In an interview with NPR, clinic director Dorothy Brown said several other workers have also left the clinic with assistance from Johnson's group. She believes many were motivated by the chance to quit their jobs and still get a temporary paycheck.

Abby Johnson says it's likely that a small number of former workers are primarily motivated by her group's offer of money. But she says And Then There Were None remains in regular contact with more than 300 people who have left abortion-related jobs.

Abortion-rights advocates say they're skeptical about that figure.

"The numbers just don't add up," says Elizabeth Toledo, a former vice president at Planned Parenthood who now runs a communications firm.
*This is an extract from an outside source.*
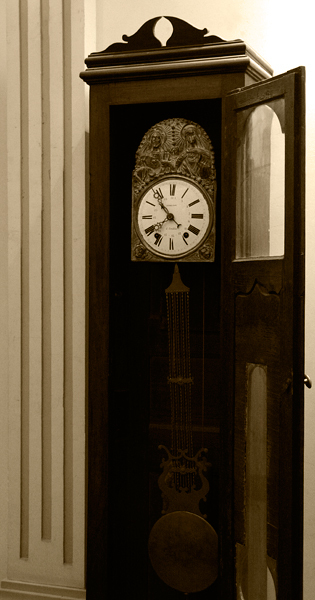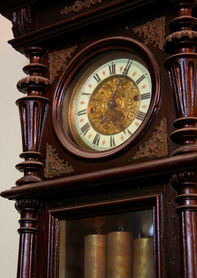 Một chiếc đồng hồ tủ cổ trong bộ sưu tập của gia đình anh Dũng.

Toledo notes that only around a dozen people (And Then There Were None's count is slightly higher) have gone public with their regrets about working in clinics where abortions are provided. Johnson's group counters that many former workers are hesitant to speak out about their experiences because they are ashamed that they worked at a clinic, or they fear retaliation from former employers.

Whatever the total number of healthcare workers who've left abortion-related jobs as a result of Johnson's advocacy, Toledo says it's not enough to make a major impact on the availability of services. But, she says, the attrition can affect workers and patients nonetheless.

"It's just another stressor on people who are already going to work in a highly-charged political environment," Toledo says. "And I don't think that they're going to be successful, but they are going to make people have to deal with an additional layer of stress — about their workplace, about their decisions, about their families, and their lives."

Abby Johnson says after she left her job at Planned Parenthood, she also suffered from that highly charged environment. Some abortion-rights opponents refused to accept her into the movement, calling her "disgusting" and saying she deserved imprisonment or eternal damnation because of her work at the clinic.

"They were, like, 'You either need to go to jail or hell' — those were the options," she says with a laugh.

But Johnson says now those comments have largely faded. She has gradually been embraced by the anti-abortion-rights movement, as one of the rare people who has spent time publicly on each side of this divisive issue.